▸ **PROBLEM**: Restate the lines word for word, from the first line of the records through the line containing "Part of the". Leave out the pictures and anything after that line.

[Dataset records]
———

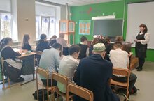 В процессе беседы ребята посмотрели видеоролики: интервью с руководителем РСО Михалом Киселёвым; выполнили интерактивное задание «Город профессий РСО» и посмотрели фильм «Первые. Труд крут»
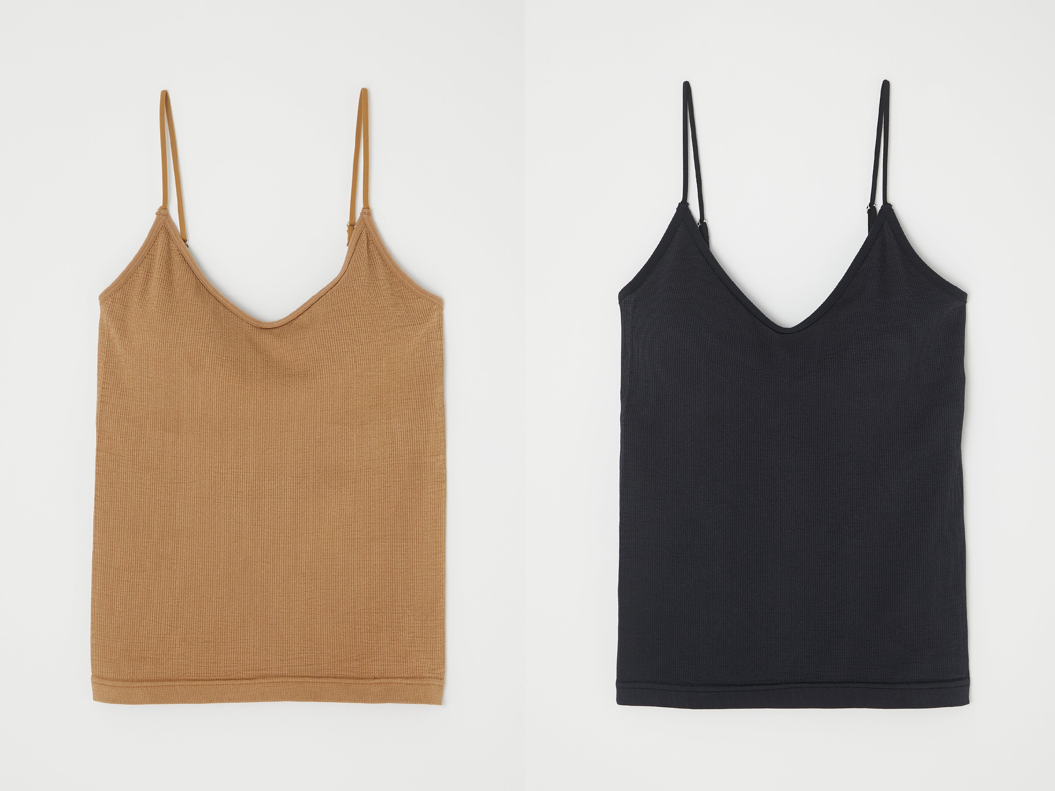 幅広い体型をキレイに見せるようこだわったオリジナルのブラカップは2サイズをご用意。今までブラトップやトップスに採用してきましたが、今回はキャミソールとして登場し、インナーとしても活躍してくれる。
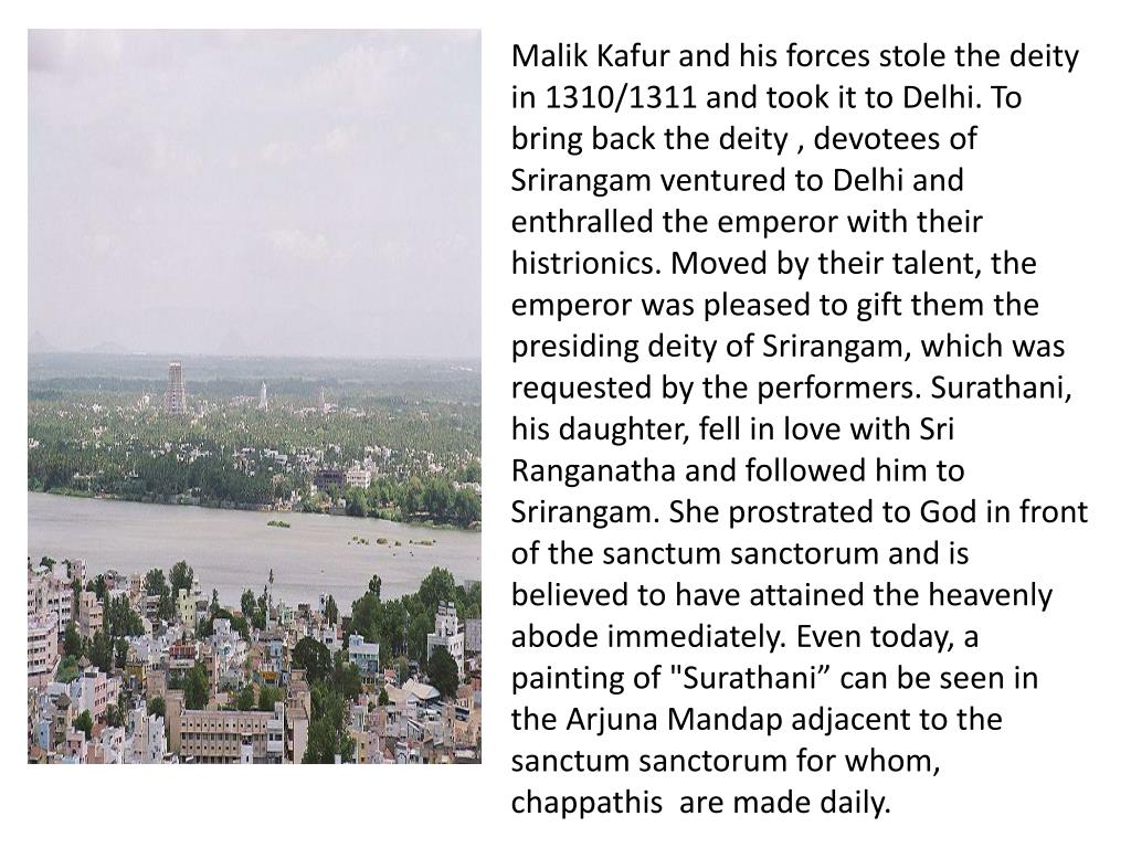 MalikKafur and his forces stole the deity in 1310/1311 and took it to Delhi. To bring back the deity , devotees of Srirangam ventured to Delhi and enthralled the emperor with their histrionics. Moved by their talent, the emperor was pleased to gift them the presiding deity of Srirangam, which was requested by the performers. Surathani, his daughter, fell in love with Sri Ranganatha and followed him to Srirangam. She prostrated to God in front of the sanctum sanctorum and is believed to have attained the heavenly abode immediately. Even today, a painting of "Surathani” can be seen in the ArjunaMandap adjacent to the sanctum sanctorum for whom, chappathisare made daily.
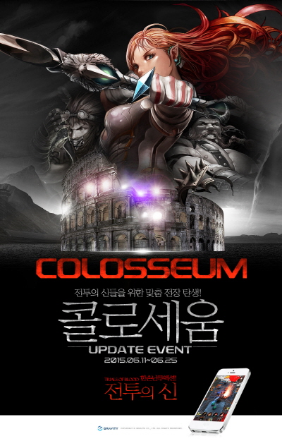 ... 그라비티는 업데이트를 기념해 25일까지 이벤트를 진행한다. 먼저 콜로세움 5 스테이지까지 클리어 한 모든 이용자에게 50루비를 지급하며, 콜로세움에서 가장 높은 전투 기록을 달성한 스테이지를 스크린샷으로 담아 공식 카페에 인증하면 추첨을 통해 10명에게 200루비를 증정한다.
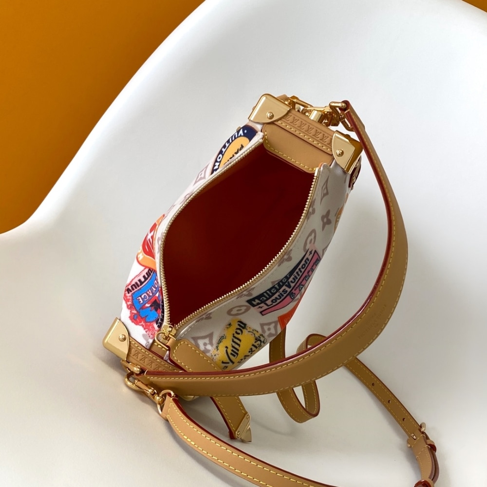 Part of the Flight Mode collection, this Side Trunk MM is offered in Monogram Dune canvas, reimagined with a vintage-inspired finish. The lightweight design is decorated with playful labels in a patchwork effect and is elevated with gold-toned hardware. The iconic natural leather trimmings pay tribute to the House’s trunk-making heritage.
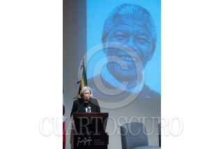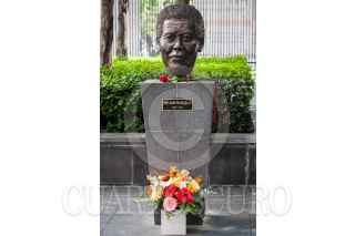 CIUDAD DE MÉXICO, 18JULIO2018.- Personas colocaron flores en el busto de Nelson Mandela ubicado afuera del Museo de Memoria y Tolerancia, con motivo del centenario de su natalicio. FOTO: DIEGO SIMÓN SÁNCHEZ /CUARTOSCURO.COM
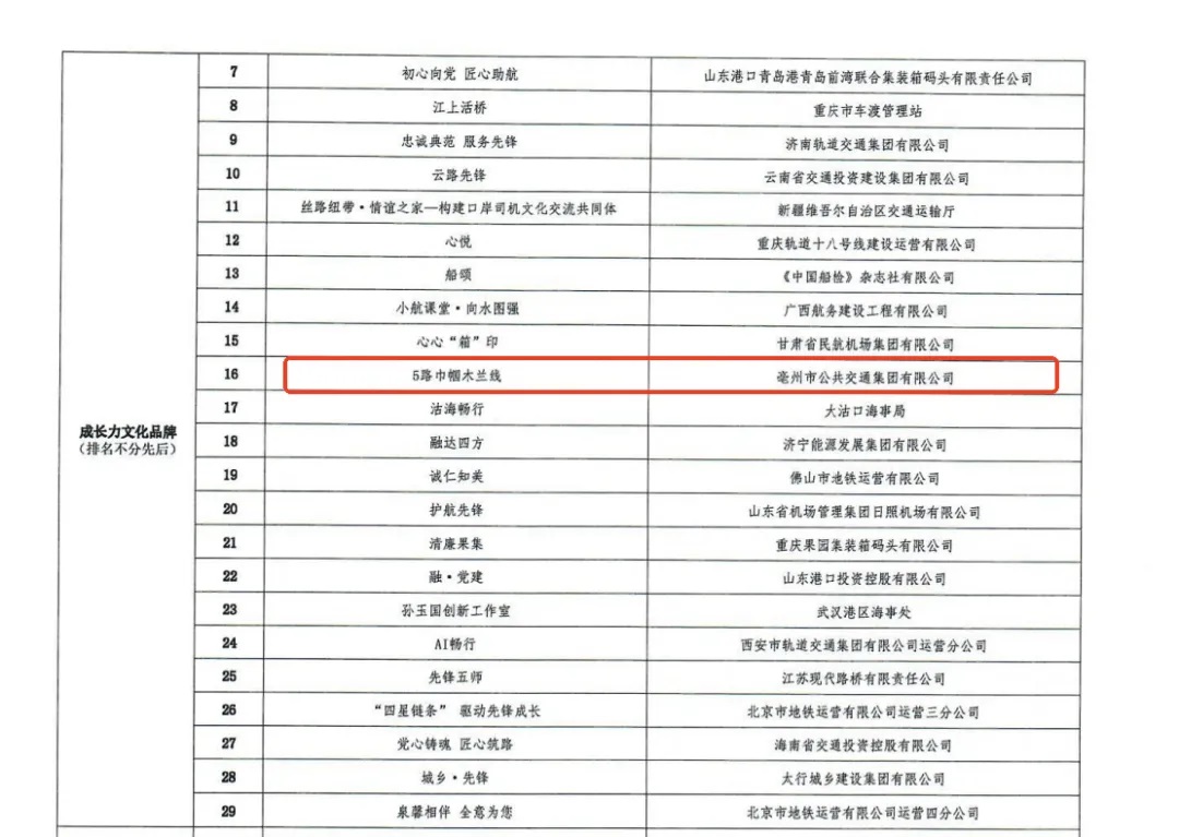 近日,“交通強國 品牌力量”第七屆交通運輸優(yōu)秀文化品牌推選活動結(jié)果公布,亳州公交“5路巾幗木蘭線”榮獲“成長力文化品牌”。
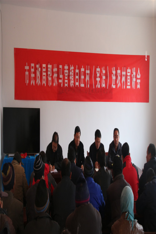 11月3日,市民政局组织干部职工赴马营镇白庄村开展《宪法》宣讲活动,对《中华人民共和国宪法》进行宣讲,让大家明白《宪法》是国家根本法,是治国安邦的总章程,是党和人民意志的集中体现,进一步维护宪法权威。宣讲活动中,市民政局党组书记、局长王振中做了题为《全面贯彻宪法精神 着力推动美丽乡村建设》的讲课,从充分认识宪法修改的重大意义、准确把握宪法修正案的精神实质、立足基层实际切实抓好宪法的贯彻落实3个方面进行了宣讲。
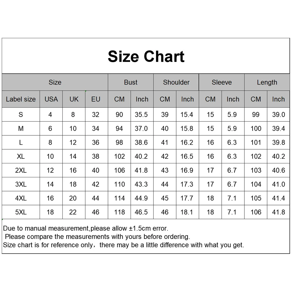 [Наш Размер 5XL] Обхват груди: 118 см/46,5 дюйма, ширина плеч: 46 см/18,1 дюйма, длина рукава: 18 см/7,1 дюйма, длина: 106 см/41,7 дюйма (прибл.)
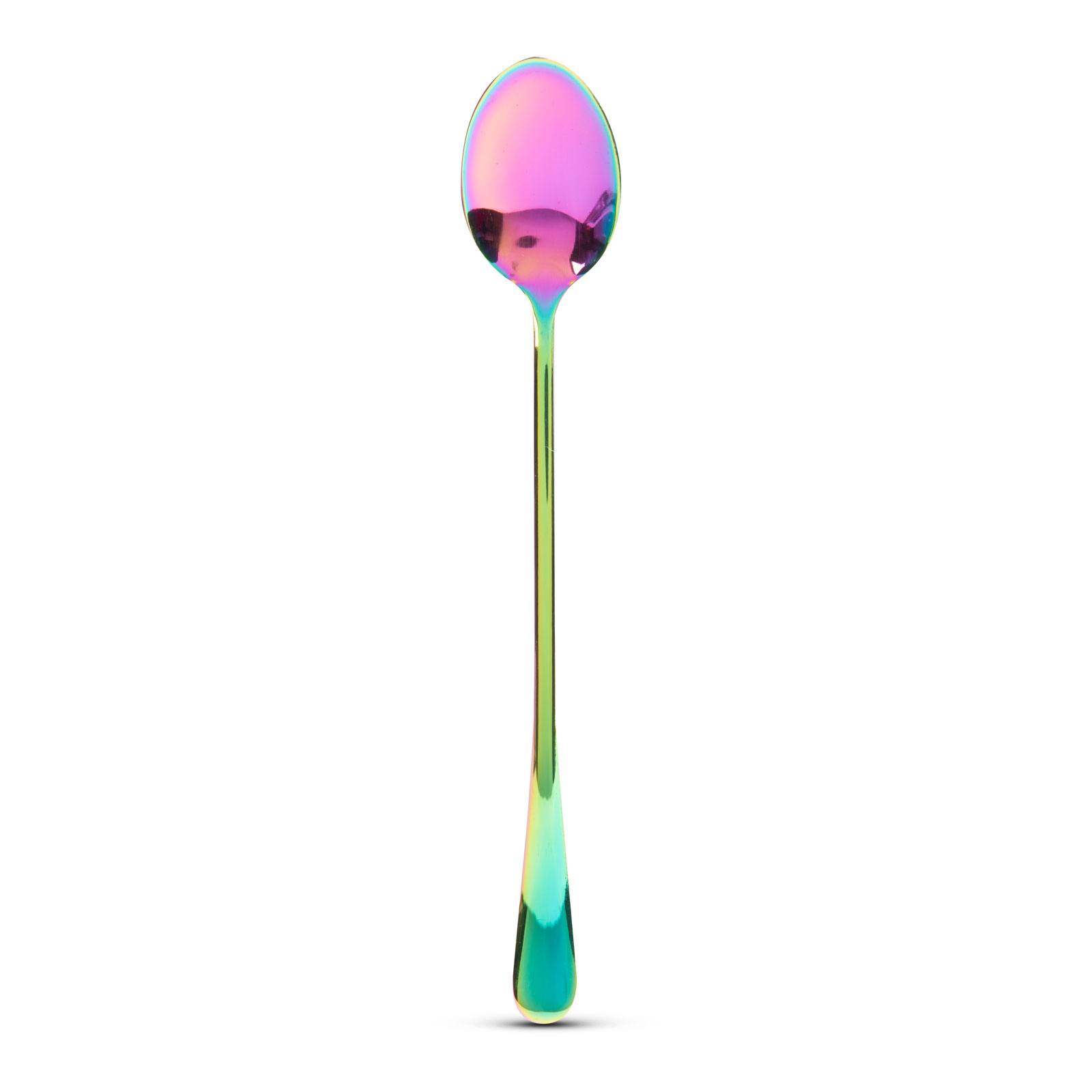 Rozsdamentes acél kávéskanál / latte macchiato kanál – szivárványos – 195 x 32 mm – 2 db / csomag

———

▸ **ANSWER TO THIS PROBLEM**:
 В процессе беседы ребята посмотрели видеоролики: интервью с руководителем РСО Михалом Киселёвым; выполнили интерактивное задание «Город профессий РСО» и посмотрели фильм «Первые. Труд крут»
 幅広い体型をキレイに見せるようこだわったオリジナルのブラカップは2サイズをご用意。今までブラトップやトップスに採用してきましたが、今回はキャミソールとして登場し、インナーとしても活躍してくれる。
 MalikKafur and his forces stole the deity in 1310/1311 and took it to Delhi. To bring back the deity , devotees of Srirangam ventured to Delhi and enthralled the emperor with their histrionics. Moved by their talent, the emperor was pleased to gift them the presiding deity of Srirangam, which was requested by the performers. Surathani, his daughter, fell in love with Sri Ranganatha and followed him to Srirangam. She prostrated to God in front of the sanctum sanctorum and is believed to have attained the heavenly abode immediately. Even today, a painting of "Surathani” can be seen in the ArjunaMandap adjacent to the sanctum sanctorum for whom, chappathisare made daily.
 ... 그라비티는 업데이트를 기념해 25일까지 이벤트를 진행한다. 먼저 콜로세움 5 스테이지까지 클리어 한 모든 이용자에게 50루비를 지급하며, 콜로세움에서 가장 높은 전투 기록을 달성한 스테이지를 스크린샷으로 담아 공식 카페에 인증하면 추첨을 통해 10명에게 200루비를 증정한다.
 Part of the Flight Mode collection, this Side Trunk MM is offered in Monogram Dune canvas, reimagined with a vintage-inspired finish. The lightweight design is decorated with playful labels in a patchwork effect and is elevated with gold-toned hardware. The iconic natural leather trimmings pay tribute to the House’s trunk-making heritage.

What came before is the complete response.